WORK ORDER.
An exact copy is the goal: every line from the one containing "Dibuat dengan teknologi" to the end of the material below, pictures excluded.

DATA SEGMENT.
- - - - - - -

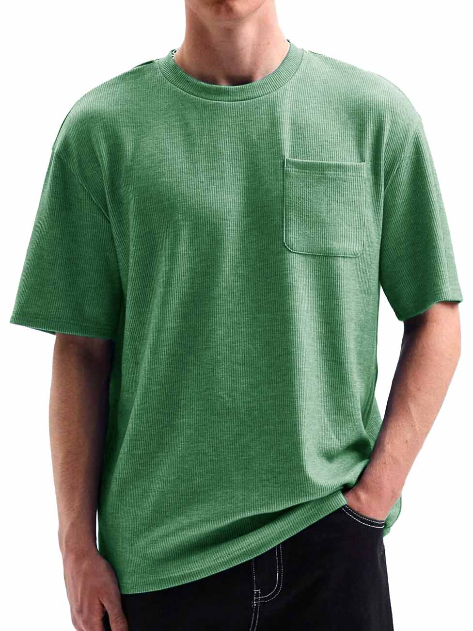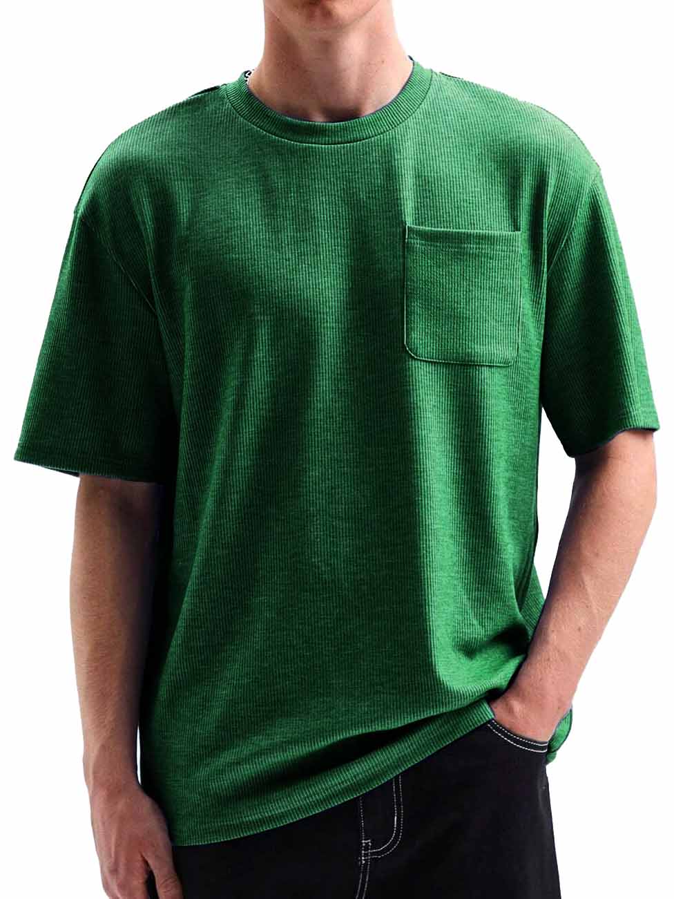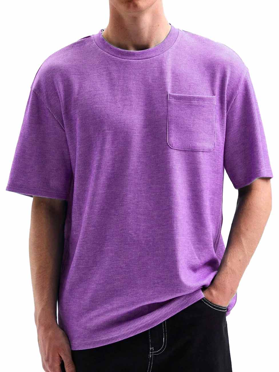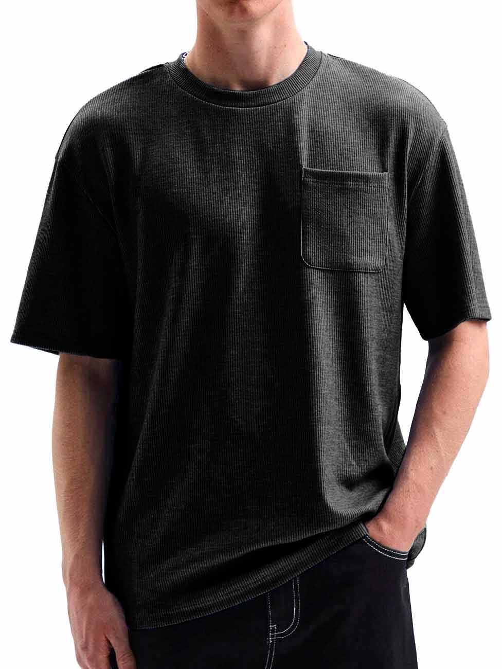 Men's Comfortable Basic Striped Fabric U-shaped Pocket Round Neck Short-Sleeved T-shirt
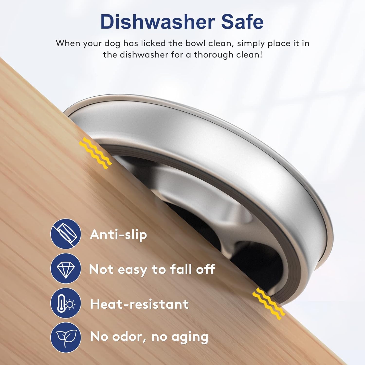 About this item Our stainless steel slow food dog bowl features an innovative design that slows eating, reducing choking and bloating risk. The one-piece mold makes cleaning and maintenance easy. Our bowl ensures your dog gets the best nutrition and mealtime. Metal slow feeder dog bowls has a non-slip base, preventing it from sliding or tipping over and making it easier for your dog to eat, also protecting your floors from scratches, spills and messes. High-end polished finish makes the dog bowls healthy, sturdy, long-lasting, odorless, better stain-resistant, and rust-resistant performance, withstand years of use. Increase the difficulty level to effectively slow down their eating speed. Internal barriers are very friendly to their mouths and won't hurt them. Even if the dog licks the bowl clean, just rinse the slow eating bowl with clean water and it won't leave any of their saliva or food residue behind.Of course for the dishwasher is also very safe! The non-slip stainless steel slow food dog bowl comes in two sizes, corresponding to different capacities, so you should select the right size according to your dog's meal size to ensure a slow feeding effect. Tips: It is recommended to pour 1.5-2 cups of food into a stainless steel slow food dog bowl so that the slow food effect can be optimal. The maximum capacity of the dog bowl is 4 cups, but it will completely fill the internal barrier of the Slow Food Dog Bowl, so when the dog is finishing the top half food, the bottom half food will still slow them down. Dog Bowls Size: 1.6" (Height) x 8.6" (Diameter) › See more product details
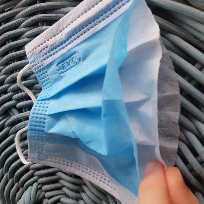 Dibuat dengan teknologi 3 lapis (3-ply) yang efektif. Lapisan luar menggunakan bahan spunbond yang tahan terhadap percikan air, sedangkan lapisan tengah berupa filter meltblown yang dirancang khusus untuk menyaring partikel halus, debu, dan bakteri.
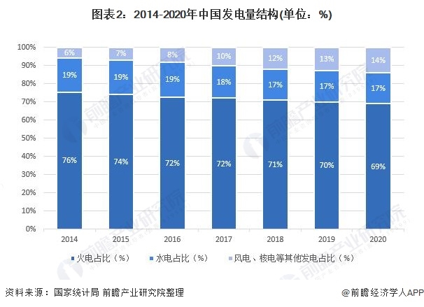 此外,雖然近年來(lái)我國(guó)將重點(diǎn)發(fā)展核電、新能源發(fā)電,但目前火力發(fā)電規(guī)模依然占比非常大。2020年我國(guó)發(fā)電結(jié)構(gòu)中,有69%的發(fā)電量來(lái)自于火電,但是2014-2020年的發(fā)電量結(jié)構(gòu)變化能夠看出我國(guó)火電發(fā)電占比是處于逐漸下降的,風(fēng)電、光伏、核能等其他能源發(fā)電占比逐漸升高。

- - - - - - -

ANSWER TO THE PROBLEM.
 Dibuat dengan teknologi 3 lapis (3-ply) yang efektif. Lapisan luar menggunakan bahan spunbond yang tahan terhadap percikan air, sedangkan lapisan tengah berupa filter meltblown yang dirancang khusus untuk menyaring partikel halus, debu, dan bakteri.
 此外,雖然近年來(lái)我國(guó)將重點(diǎn)發(fā)展核電、新能源發(fā)電,但目前火力發(fā)電規(guī)模依然占比非常大。2020年我國(guó)發(fā)電結(jié)構(gòu)中,有69%的發(fā)電量來(lái)自于火電,但是2014-2020年的發(fā)電量結(jié)構(gòu)變化能夠看出我國(guó)火電發(fā)電占比是處于逐漸下降的,風(fēng)電、光伏、核能等其他能源發(fā)電占比逐漸升高。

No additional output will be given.